Estimated location errors for the circular test images. Gray areas mark the observation and dashed contours the forecasts. From top to bottom, the numbers indicate Δx(j = 1, …, 7). Green color marks scales with Δx(j) < 2j−1; the overall estimate [Eq. (11)] is marked in bold. The distance between two grid lines is 32; labels “CXCY” correspond to those in Gilleland et al. (2020).

Citation: Weather and Forecasting 37, 6; 10.1175/WAF-D-21-0180.1

Table 1 shows that, for the circle comparisons (Figs. 4a–o), dΦ behaves overall similarly to most of the distance measures tested in Gilleland et al. (2020). Conversely, the newly introduced scores G and Gβ from Gilleland (2021a) (as well as ZHU, which is highly correlated with them) are almost entirely uncorrelated to dΦ. Here, the main disagreement concerns first cases C2C11, C1C9, C1C10, which feature large, nonoverlapping regions, centered around the observed object, leading to small or medium dΦ but very poor G and Gβ. Second, the large displacement in C13C14 is strongly punished by dΦ whereas other scores effectively consider the small nonzero areas as insignificant noise and reward the forecast as correctly negative.

Table 1

Rank correlation between dΦ and several scores from Gilleland et al. (2020) and Gilleland (2021a) for the 15 circle comparisons (Figs. 4a–o). For the definitions of each score, see the respective references, particularly Table 2 in Gilleland et al. (2020).

Table 1

Overall, these results confirm that sensible estimates of displacement errors can be extracted from the wavelet phase in scenarios that are more complex than a single, image-wide shift.

Last, the localization of the daughter wavelets also allows us to display spatially varying displacement errors on a map. In our example case below (Fig. 7), we will use this to draw contours around the regions with the largest contributions to the overall ΔΦ. At the end of section 6, we also discuss the option of averaging ΔΦ over time instead of space to obtain a map of scale-dependent mean displacements.

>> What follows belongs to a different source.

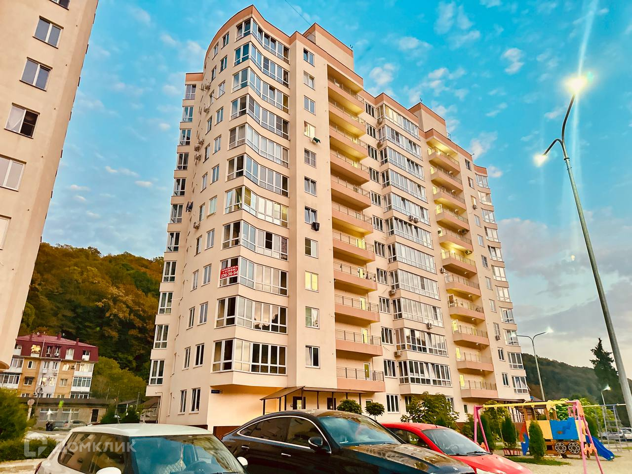 Продается  однокомнатная квартира, площадью 26 кв.м. в живописном спальном районе Сочи, в ЖК Измайловский парк. Квартира имеет правильную планировку, большое панорамное окно, что делает ее очень светлой и теплой.Дом построен в соответствии с законом 214ФЗ, сдача произошла в 2022 году.Комплекс комфорт класса, закрытая территория, детские площадки, красивое ландшафтное озеленение, много парковочных мест.Остановка общественного транспорта -100 м. Вокруг горы. Зелень. Рядом есть реконструированная набережная реки Мацеста , природные достопримечательности, где можно прогуляться (орлиные скалы, водопады, чайные плантации).
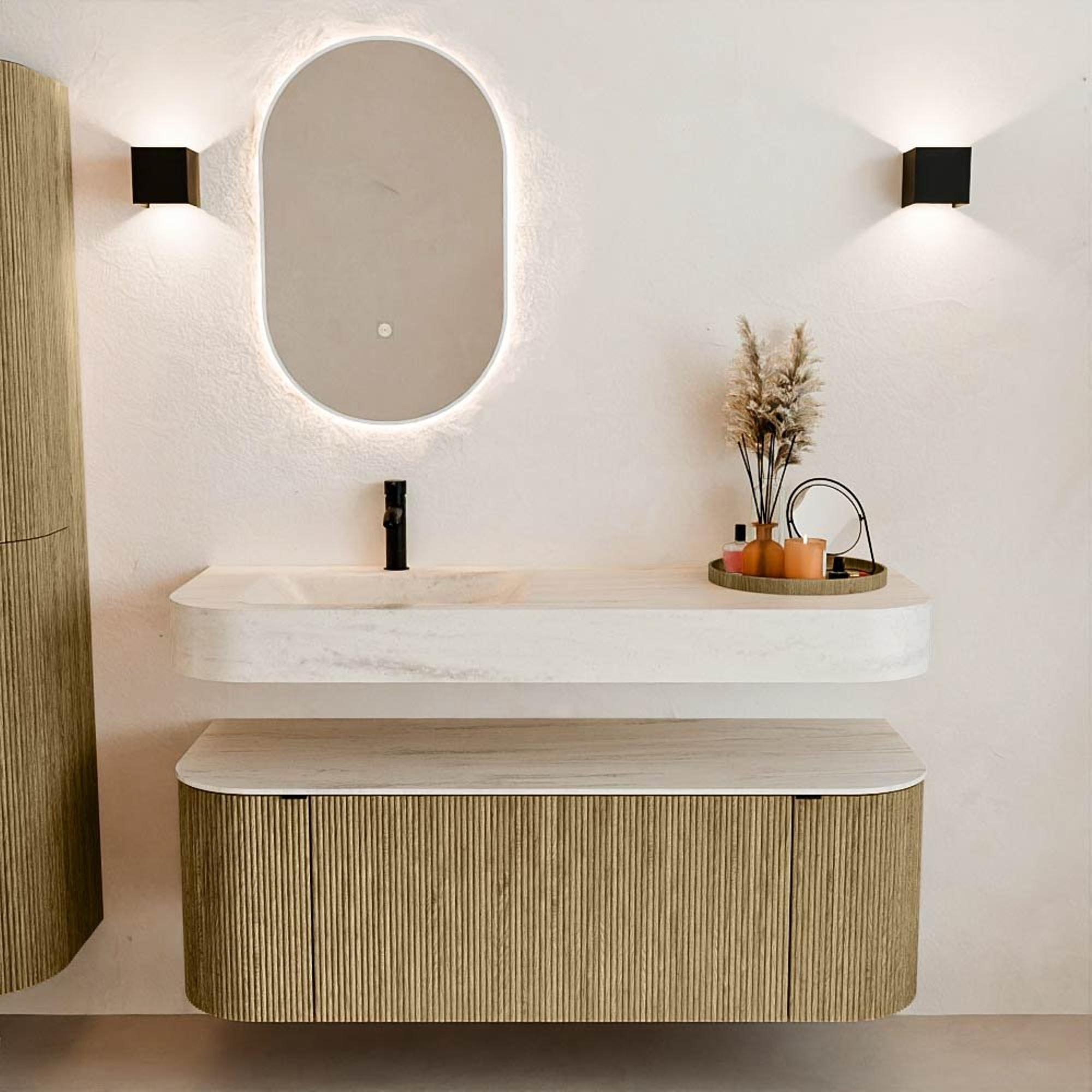 Natuurlijke materialen in warme tinten. De verticale ribbels brengen ritme en textuur in het ontwerp, terwijl het eikenhout zorgt voor een warme, ambachtelijke uitstraling. Kies uit 5 houttinten OAK, WALNUT, DUSK, SHADOW en RUBY zorgvuldig geselecteerde houtkleuren om zowel moderne als klassieke badkamers te verrijken.

The computational effort due to the wavelet transform scales linearly with the number of pixels and remains moderate for typical field sizes. Our implementation in the R programming language (Buschow 2021) takes roughly 0.3 s to verify a single forecast on a 256 × 256 grid and 5 s for 1024 × 1024 on a single modern CPU.

5. Data

The MesoVICT project relies on the Vienna Enhanced Resolution Analysis (VERA; Bica et al. 2007) as observational data against which all forecast models are verified. This model independent dataset enhances interpolated station observations with thermal and dynamical fingerprints to produce maps of meteorological variables. In this study, we focus mainly on hourly precipitation sums, which are inferred from station observations alone. In addition, we explore the use of the novel score for absolute wind speed, potential and equivalent potential temperatures. For the latter two variables, the fingerprint method was applied, thereby introducing information from a finer-scaled orography beyond the resolution of the station network (Dorninger et al. 2018). All data are interpolated to a regular 8-km grid covering central Europe (see maps in Fig. 7).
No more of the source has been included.